Launige Sprüche, schlabbrige Motto-Shirts und Strickjacken, lange Haare und Fusselbärte. Die gewählten Piraten stellen sich erstmals im Abgeordnetenhaus vor.

Da sind die neuen in ihrem neuen Zuhause. Bild: reuters, Thomas Peter

Vor dem Podium türmen sich Kameras über Kameras - und dann funktioniert der Beamer nicht. "Gibt's da keine Fernbedienung?", fragt Pirat Christopher Lauer. Ein Mitarbeiter des Abgeordnetenhaus rüffelt: "Da kümmert man sich eine halbe Stunde früher drum." Später streckt Lauer einfach seinen Laptop den Journalisten entgegen, um die Homepage der Piratenfraktion vorzustellen. "Sie können auch nachher noch Nahaufnahmen vom Internet machen."

Es ist das erwartete bißchen Chaos, das die Piraten auf ihrer ersten Pressekonferenz nach den 8,9 Prozent bei der Wahl am Sonntag, fabrizieren. Vorne wechseln sich zehn Neuparlamentarier ständig vor den Mikros ab, fast jeder darf mal was sagen. Basisdemokratie eben. Auf der anderen Seite drängeln sich die Journalisten. "Der Andrang überrascht uns jetzt schon ein bißchen", eröffnet Spitzenkandidat Andreas Baum die Runde bescheiden. Dabei ist klar: Das hier hat was Historisches.

15 Sitze im Abgeordnetenhaus holten die Piraten - mehr Kandidaten standen ohnehin nicht auf der Landesliste. Dazu kommen 56 Mandate in den Bezirksparlamenten. Allein in Friedrichshain-Kreuzberg bekam die Partei 14,3 Prozent. Um drei oder vier Uhr habe er die Wahlparty verlassen, sagt Baum. "Das war alles wie im Film." Jetzt, am Montagmittag, wirkt der 33-Jährige aufgeräumt: "Wir kriegen das hin." Zuerst wolle man sich nun um Transparenz und Bürgerbeteiligung im Abgeordnetenhaus kümmern.

Vorerst gibt es launige Sprüche, schlabbrige Motto-Shirts und Strickjacken, lange Haare und Fusselbärte. Gerwald Claus-Brunner steht mit blauer Latzhose und um den Kopf gewickeltem Pali-Tuch hinterm Podium. Er laufe seit 20 Jahren so rum, sagt der 39-jährige, bisexuelle Mechatroniker. "Das wird sich auch jetzt nicht ändern." Seine Schwerpunkte werde er auf "Arbeit, Wirtschaft und Queerpolitik" legen. Daneben spielt Lauer - graues Jackett, Hornbrille - mit seinem Smartphone, spricht später von "liquid democracy" und "buzzwords".

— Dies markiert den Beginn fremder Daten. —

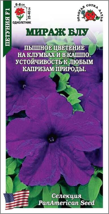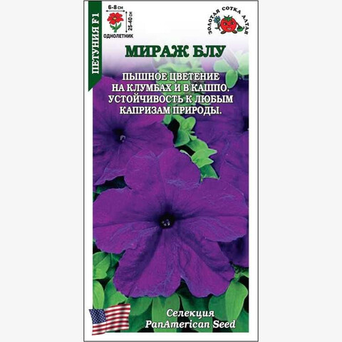 Петунии серии Mirage зарекомендовали себя устойчивостью ко всем капризам природы: они не боятся ни дождя, ни ветра, ни жары, стойко выдерживают похолодания. Растения компактные, с хорошей ветвистостью, поражают пышностью цветения. Цветки ярко-синего цвета, крупные, ароматные. Прекрасный материал для создания ярких клумб, бордюров, великолепно смотрится в подвесных кашпо, вазонах и балконных ящиках.

Fraktionszwang? "Kann ich mir gerade nicht vorstellen", sagt Baum. Ein Pirat bedankt sich bei dem Grünen Benedikt Lux, der ihm vor einiger Zeit eine Einweisung ins Abgeordnetenhaus gegeben habe. Ein anderer will sich für kostenlosen Nahverkehr stark machen. "Erst hab ich das auch für eine Schnapsidee gehalten." Dabei sei das Ganze so visionär "wie das öffentlich-rechtliche Fernsehen".

Die Klischees scheinen zu stimmen: Knapp die Hälfte der 15 Piraten ist nicht älter als 30. Software-Entwickler, Studenten, ein Diplomphysiker und ein Industrieelektroniker sind darunter. Und eine 19-jährige Abiturientin. Die aber fehlt bei der ersten Pressekonferenz. Keine Zeit, heißt es. "Warum fragen Sie nicht nach einer Migranten- oder Arbeiterquote?", antwortet Lauer gereizt auf Nachfragen. "Gucken Sie uns doch an, wir sind nicht der repräsentative Durchschnitt."

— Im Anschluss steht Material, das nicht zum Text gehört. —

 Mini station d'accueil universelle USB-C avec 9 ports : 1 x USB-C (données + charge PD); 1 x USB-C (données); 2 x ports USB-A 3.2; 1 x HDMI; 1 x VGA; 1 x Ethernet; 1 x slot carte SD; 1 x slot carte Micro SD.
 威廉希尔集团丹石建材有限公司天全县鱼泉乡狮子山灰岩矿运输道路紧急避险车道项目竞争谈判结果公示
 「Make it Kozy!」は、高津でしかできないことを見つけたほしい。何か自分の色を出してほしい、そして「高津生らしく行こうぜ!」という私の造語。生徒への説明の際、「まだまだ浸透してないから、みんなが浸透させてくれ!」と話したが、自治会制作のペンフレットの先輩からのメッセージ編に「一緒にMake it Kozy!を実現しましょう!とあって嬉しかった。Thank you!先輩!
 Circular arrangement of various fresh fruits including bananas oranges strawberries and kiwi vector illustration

Auch nach der Pressekonferenz umwuseln Journalisten die Neulinge. Eine Reporterin fragt Latzhosen-Mann Claus-Brunner, was der Unterschied zwischen großen und kleinen Anfragen sei. "Das müsst' ich nochmal genau nachgucken." Man müsse und werde viel lernen, sagt Lauer. Den Lernprozess werde die Fraktion öffentlich dokumentieren, im Internetblog. Auch über den Fraktionsvorsitz müsse man sich erst noch verständigen, sagt Spitzenkandidat Baum. Ob er nicht gesetzt sei? "Nö."

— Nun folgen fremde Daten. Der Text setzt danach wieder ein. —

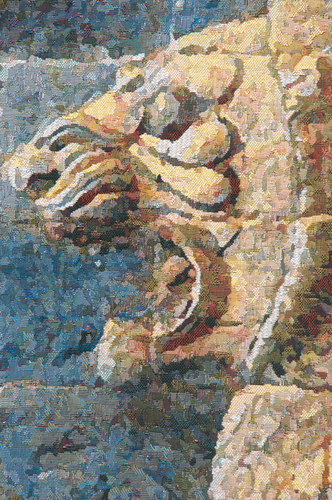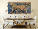 | History: | Lion I - Darius is a Belgian made jacquard wall tapestry. This image is a reproduction of a frieze from the Palace of Darius I of Persia, dating from circa 510 B.C.E. His palace was inspired by that of King Nebuchadnezzar II in Babylon's Ishtar Gate. The Ishtar Gate was a magnificent creation constructed at about 575 BCE by order of King Nebuchadnezzar II. The gate protects the ancient city of Babylon and is made from lapis lazuli, the semi-precious blue stone found in ancient Mesopotamia. A parade of animals is seen in the work, including the lion, winged bulls and dragons. Part of Mesopotamia, and built upon the Euphrates, the city of Babylon and its gates is a wonder of architecture and history. A stunning piece of Babylonian & Persian history recreated for your home, office, or study. |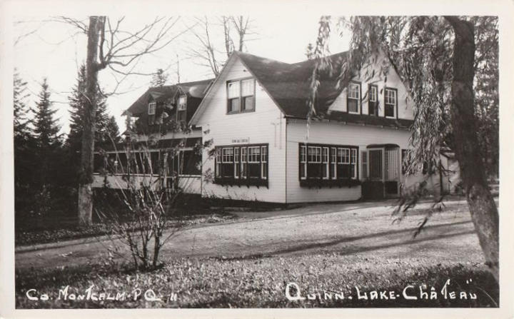 Le «Château», lac Quinn, vers 1950 (carte postale par Michel Photo) |

Das Leben werde jetzt wohl etwas strukturierter, sagt Martin Delius, lange Haare, Brille, Listenplatz 4. Den Job als Software-Entwickler werde er kündigen. "Sonst wüsste ich nicht, was sich ändern soll." Delius will Bildung zum seinem Fachgebiet machen, da habe er Erfahrung: als Studentenvertreter an der TU hat er den Bildungsstreik vor zwei Jahren mitorganisiert. Kann es jetzt, nach dem Sensationssieg, nur noch bergab gehen für die Piraten? Nicht doch, hält der 27-Jährige dagegen. Aber auch ihn baten Bekannten gleich nach den Glückwünschen: "Baut ja keinen Scheiß." Er habe da wenig Sorgen, sagt Delius. Das Thema Transparenz gelte ja zuerst für die eigene Fraktion. Da würden die Leute die Piraten schon zurechtstutzen, wenn's in die falsche Richtung gehe.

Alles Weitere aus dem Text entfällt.